What the exercise asks: The reply should hold only the lines from the one with "MÉXICO, D.F., 08OCTUBRE2011.- Humberto" to the one with "从上面的案由分类情况可以看到", both ends kept, exactly as they appear below, without any pictures.

Entries shown:
_____

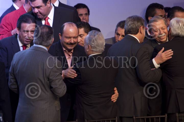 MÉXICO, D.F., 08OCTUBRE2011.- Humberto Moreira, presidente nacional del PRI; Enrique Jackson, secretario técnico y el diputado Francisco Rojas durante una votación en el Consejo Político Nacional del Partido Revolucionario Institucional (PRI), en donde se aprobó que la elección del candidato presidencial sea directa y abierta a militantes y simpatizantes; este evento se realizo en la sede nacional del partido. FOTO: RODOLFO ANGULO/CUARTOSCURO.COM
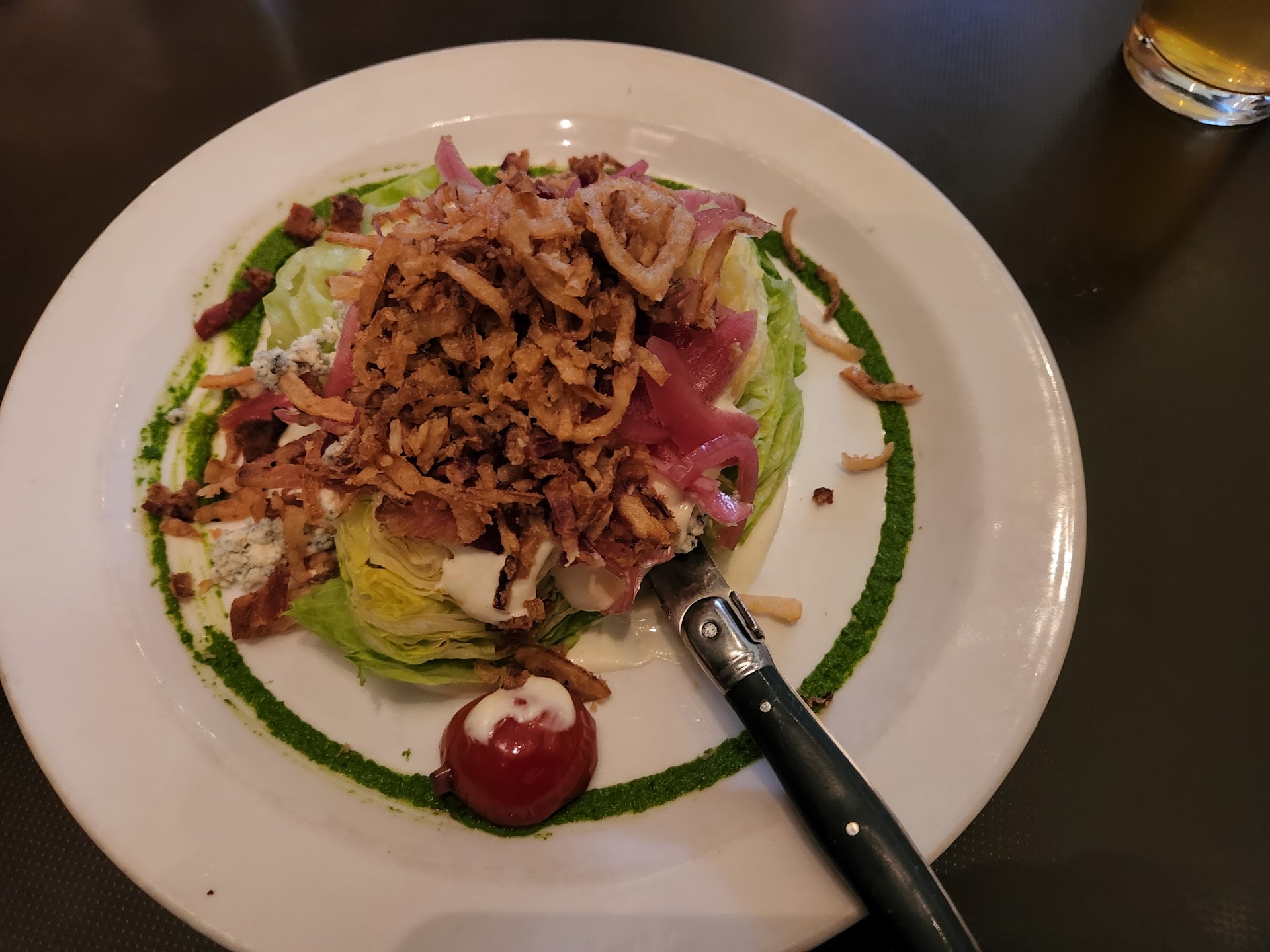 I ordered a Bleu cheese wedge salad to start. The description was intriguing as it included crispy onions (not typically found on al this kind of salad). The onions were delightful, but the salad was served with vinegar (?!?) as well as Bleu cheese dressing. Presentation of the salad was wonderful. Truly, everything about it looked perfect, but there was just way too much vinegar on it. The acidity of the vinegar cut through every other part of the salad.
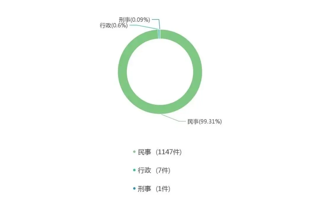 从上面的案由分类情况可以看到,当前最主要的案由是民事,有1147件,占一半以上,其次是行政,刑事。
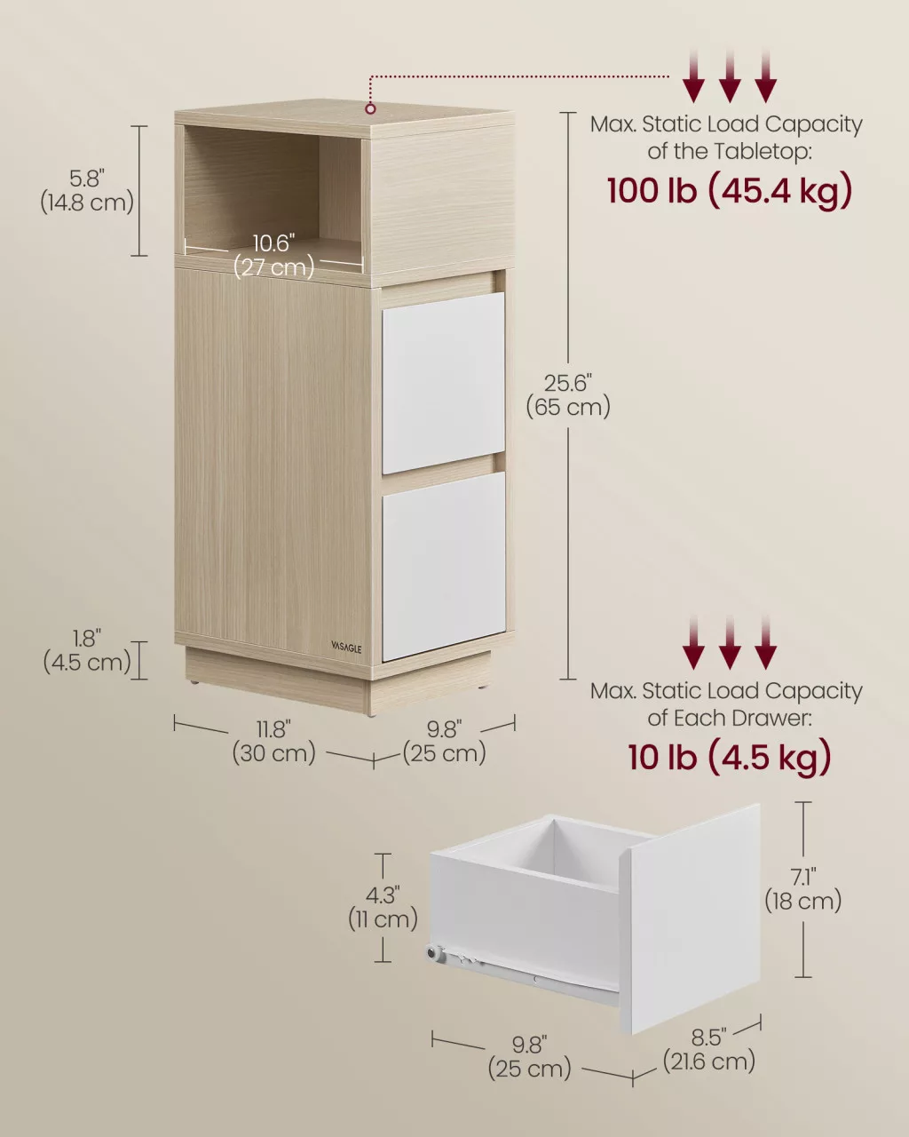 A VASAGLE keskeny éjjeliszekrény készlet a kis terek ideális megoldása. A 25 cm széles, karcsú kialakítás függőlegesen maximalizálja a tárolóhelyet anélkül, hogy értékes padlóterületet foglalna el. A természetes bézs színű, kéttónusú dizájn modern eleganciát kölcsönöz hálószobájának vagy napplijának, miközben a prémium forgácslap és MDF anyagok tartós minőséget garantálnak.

_____

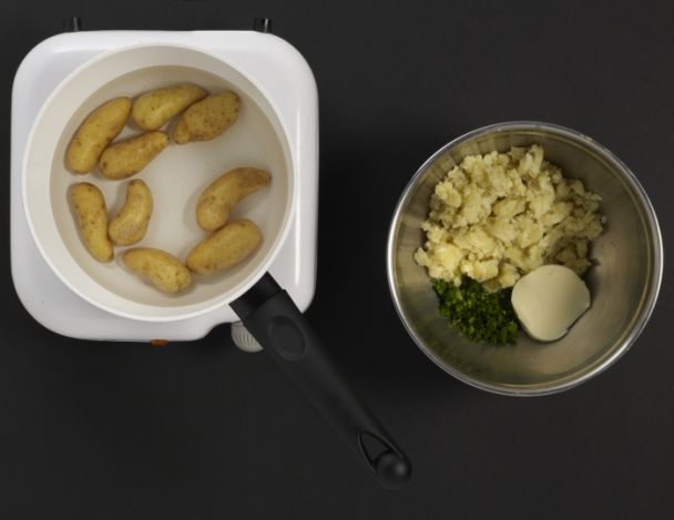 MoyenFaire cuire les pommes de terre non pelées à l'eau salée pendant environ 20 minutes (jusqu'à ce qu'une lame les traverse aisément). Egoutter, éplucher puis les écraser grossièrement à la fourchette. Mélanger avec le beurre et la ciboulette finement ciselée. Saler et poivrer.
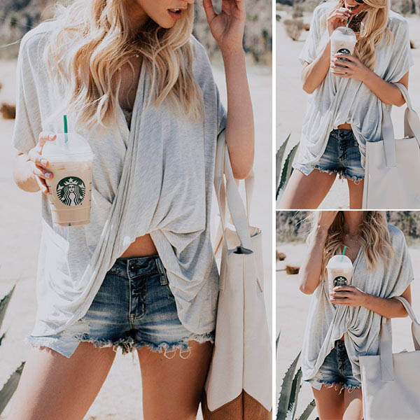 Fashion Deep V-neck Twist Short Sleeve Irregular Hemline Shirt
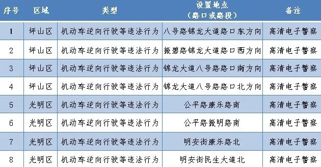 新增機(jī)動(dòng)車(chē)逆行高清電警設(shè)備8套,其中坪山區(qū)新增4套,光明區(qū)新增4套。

_____

Task solution:
 MÉXICO, D.F., 08OCTUBRE2011.- Humberto Moreira, presidente nacional del PRI; Enrique Jackson, secretario técnico y el diputado Francisco Rojas durante una votación en el Consejo Político Nacional del Partido Revolucionario Institucional (PRI), en donde se aprobó que la elección del candidato presidencial sea directa y abierta a militantes y simpatizantes; este evento se realizo en la sede nacional del partido. FOTO: RODOLFO ANGULO/CUARTOSCURO.COM
 I ordered a Bleu cheese wedge salad to start. The description was intriguing as it included crispy onions (not typically found on al this kind of salad). The onions were delightful, but the salad was served with vinegar (?!?) as well as Bleu cheese dressing. Presentation of the salad was wonderful. Truly, everything about it looked perfect, but there was just way too much vinegar on it. The acidity of the vinegar cut through every other part of the salad.
 从上面的案由分类情况可以看到,当前最主要的案由是民事,有1147件,占一半以上,其次是行政,刑事。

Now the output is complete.